As the Space Shuttle moved to the foreground as the next big step in NASA’s manned spaceflight program in the late 1960s/early 1970s, Western experts began speculating on the existence of a Soviet equivalent. Few realized that the shuttle effort the Soviet Union was involved in at that time was Spiral, the 9-ton military spaceplane to be launched from the back of a hypersonic aircraft. One person who did get the basic concept right was Peter James, a Pratt & Whitney engineer and intelligence informant, who talked to leading Soviet aviation and space experts during the annual congresses of the International Astronautical Federation and summarized his findings in a controversial 1974 book called Soviet Conquest from Space.

During his private discussions with Soviet officials, James clearly picked up some shreds of information on Spiral. One of the specialists he talked to at the 1969 IAF congress in Argentina was none less than Gennadiy Dementyev, identified in the book as “one of the heads of the Soviet space effort and affiliated with the Moscow Aviation Institute’’. As is now known, Dementyev (the son of the Minister of the Aviation Industry) had indeed worked at the institute, but in 1967 was named Lozino-Lozinskiy’s deputy for the Spiral project at Mikoyan’s space branch in Dubna. In his book, James correctly pointed out that the Soviet Union was working on an air-launched spaceplane which in an initial stage would be launched by an expendable rocket while the design of the carrier aircraft was finalized. However, he grossly overestimated the size of the shuttle vehicle, claiming it would have a payload capacity of 35-45 tons, more than the Space Shuttle. He also got the organizational background completely wrong [2].

Meanwhile, some die-hard armchair analysts of the Soviet space program were doing their own research on Soviet shuttle activities in the best traditions of “space sleuthing”. As early as the mid-1970s a group of Dutch space enthusiasts, having carefully analysed obscure Soviet technical publications and isolated statements from Soviet officials, also came to the conclusion that the Soviet Union was developing an air-launched shuttle system. Unaware of James’ publication, they described the system as follows in one of their articles:

“The Soviet shuttle system, … baptized recently ‘ALBATROS’, seems to be much more advanced than the US type currently under construction. It will possibly be in active duty well ahead [of] its American counterpart. The system consists of… twin recoverable craft, both… delta wing vehicles, and uses the horizontal liftoff principle from specially adapted SST [supersonic transport] runways. The booster-plane is an improved SST type, in size about the Tupolev 144 SST. It is however a much more advanced type, a HST (Hy­personic Transport) using air breathing engines to ride the piggyback orbiter towards 30 km altitude. There the ALBATROS is separated and uses its own system of chemical and electrical engines to propel itself into Earth orbit [3].
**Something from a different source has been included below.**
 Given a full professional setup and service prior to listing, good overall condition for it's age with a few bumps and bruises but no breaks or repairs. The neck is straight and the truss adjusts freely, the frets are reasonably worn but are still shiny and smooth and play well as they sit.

Whether by coincidence or not, this was a fairly accurate description of the Spiral system, although few believed them at the time. Like James, the Dutch space sleuths also overestimated the size and capabilities of the shuttle vehicle, but had got the basic concept right. ‘‘Albatros’’ later turned out to be the name of an unrelated two-stage-to-orbit shuttle system to be launched from a hydrofoil that was studied by students at the Bauman technical university in Moscow [4].
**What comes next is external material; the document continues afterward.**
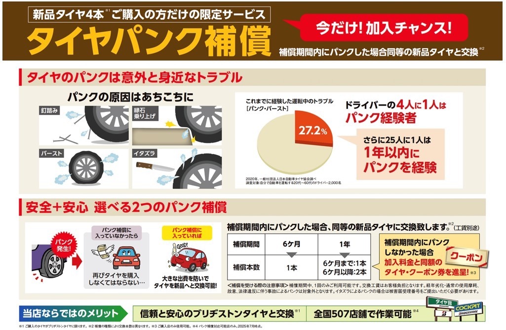 “もしも”に備えてのパンク補償はいかがですか?
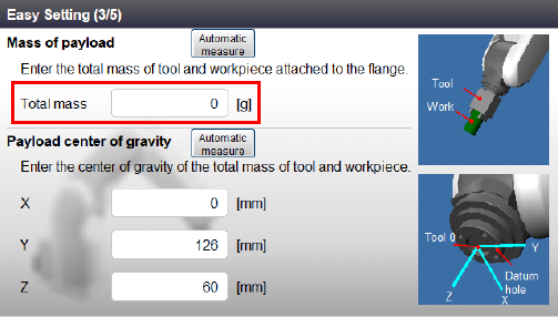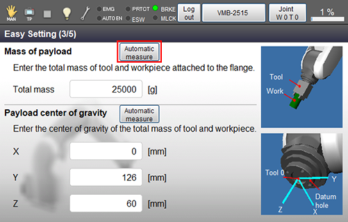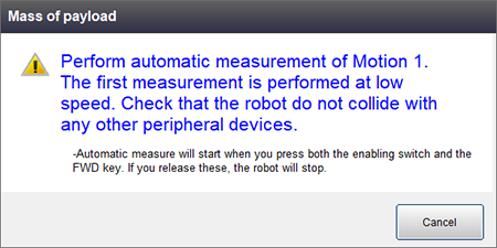 请注意,在自动测量画面中按[Cancel]返回[简单设定] - [前端负载质量]设定画面时不会输入测量值。

Given the dearth of declassified CIA reports on the Soviet space program, it is difficult to say at this stage exactly what was known about Spiral inside the US intelligence community. A 1983 CIA report said a spaceplane effort had begun at the Mikoyan design bureau in 1969 (four years after it actually got underway) [5]. In the few documents that have been released so far, there is no mention of the fact that the spaceplane was eventually supposed to be air-launched, but that doesn’t neces­sarily mean the CIA wasn’t aware of those plans. Since the hypersonic carrier aircraft never got further than the planning stage, any information on it must have been gathered via private conversations or human intelligence.

What the Russians definitely could not conceal from US reconnaissance assets were the test flights flown in support of Spiral, beginning with the BOR-1/2/3 suborbital missions in 1969-1974. What is known for sure is that US intelligence picked up signs in the second half of the 1970s of the test flights of the 105.11 Spiral atmospheric subsonic test bed in Akhtubinsk (the ‘‘Vladimirovka Advanced Weapons and Research Complex’’ or VAWARC as the CIA called it). Those tests were reported in the trade press in early 1978 [6]. However, in a classified assessment of Soviet space capabilities released to authorized persons in August 1980, US intelligence experts wrongly concluded that these had been tests of a delta-wing spaceplane to be orbited by the three-stage version of the Proton rocket, capable of putting 20 tons into low Earth orbit. Although Spiral had been canceled by this time, the small spaceplane was believed to be under development for future military missions such as reconnaissance, satellite inspection and neutralization, although it could also be developed into a crew ferry vehicle to support space station operations.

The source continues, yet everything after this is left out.